As an example of such a technique of reduction of the process isolation we have implemented the diffusion method of parallelization. The diffusion method allows the gene from a certain subpopulation to affect directly the computation of another local genetic algorithm. However, we expect quite frequent communication between the processes. This method requires each gene of the global population to be placed in a grid of positions. According to this grid each gene knows its direct neighbours (see Fig. 3.4-1 for examples). The grid of positions defines the internal structure in the global population. Every genetic operator is performed locally according to this structure. First a certain position together with its neighbourhood in the grid are chosen. Genes from this neighbourhood are chosen as arguments of the genetic operator. The resulting genes are placed back into the grid instead of some older genes selected from the previously chosen neighbourhood. In another words, a gene can affect genes only in its certain neighbourhood.

Figure 3.4-1: Examples of structure of positions.
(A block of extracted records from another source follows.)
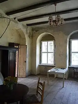 Das Obergeschoss war die Wohnetage. Die Räume im Obergeschoss haben eine Höhe von 3,8 Meter und verfügen über Kachelöfen. Die Fenster dieser salonartigen Räume liegen in Rundbogennischen. Die Wände waren mit schlichten Bemalungen und Walzenmustern verziert. Der Sockelbereich war blaugrau marmoriert und von den hellen Wandflächen durch eine weinrote Linie abgetrennt. In der Südfront befinden sich drei große Räume mit repräsentativen Proportionen. Über Flügeltüren bilden sie eine zusammenhängende Zimmerflucht. Nördlich der Hausmittelwand verläuft mittig die Diele des Treppenhauses. Westlich schließt sich das Jagd- oder Herrenzimmer mit dunkel gebeizten Deckenbalken an.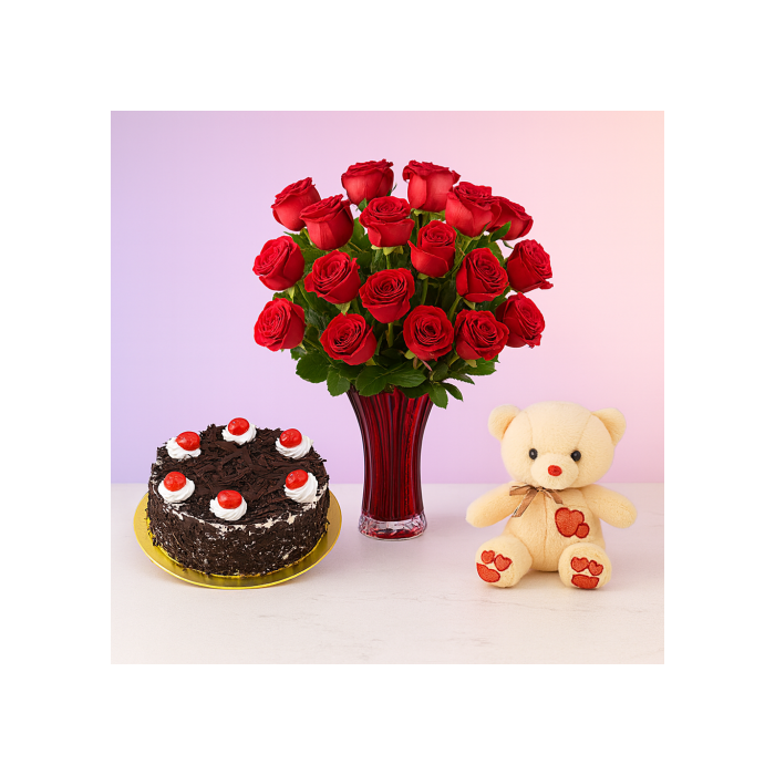 1.5 Kg Black Forest -6 Red Roses Bunch-Teddy Bear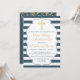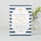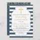 Navy Blue Striped Gold Cross First Holy Communion Invitation

The global population is divided into subpopulations that represent disjunctive regions of the grid. On every subpopulation a local genetic algorithm is performed by a child process. The objective of the diffusion method is to allow each gene to affect its neighbours, even if they are members of another subpopulation maintained by another process. See Fig.3.4-2 for an example: the gene 2 from the subpopulation A has two neighbours in the inland of A. Also genes 1 and 3 in the borderland of the subpopulation A and gene 7 in the borderland of the B are direct neighbours of the gene 2. The division of the global population into the subpopulations implies a certain structure of subpopulations: each subpopulation knows its direct neighbours. The subpopulation is divided into the following regions: the inland and the borderlands. The inland represents the central part of the subpopulation (dark marked in Fig.3.4-2). The number of borderlands corresponds with the number of direct neighbours of the child process. Each borderland consists of genes that are close to a certain neighbour in the grid of positions e.g. the borderland of A corresponding with neighbour B consists of genes 1, 2 and 3 in Fig.3.4-2.
Each child process maintains a shadow copy of the corresponding borderland of each neighbour process. E.g. the subpopulation A has shadow copies of genes 6, 7 and 8 (the borderland of B) and copies of genes 11, 12 and 13 (the borderland of C). Subpopulation B has copies of genes 1, 2, 3 and 13,14 and 15. These shadow copies are connected to the own borderlands as in the grid of the global population. The genes in these copies are normal members of the subpopulation, but the child process cannot change or replace them as a result of the genetic operator. E.g. the subpopulation A can modify all own genes (1, 2, 3, 4, 5 and other), but cannot change the copies of the genes 6, 7, 8, 11, 12 or 13. During the computation of the genetic algorithm the child processes exchange the information about the changes performed on the genes in their own borderlands. According to this information, the child processes refresh their shadow copies of the changed genes. In fact it is not necessary to keep the shadow copies up-to-date in every step. The messages containing the information about changes are, in fact, very short and they can be buffered to reduce the frequency of the communication (see subsection Message Buffering).

Figure 3.4-2: An example of a grid of positions (with six direct neighbours of every gene) and the splitting of the global population into the subpopulations.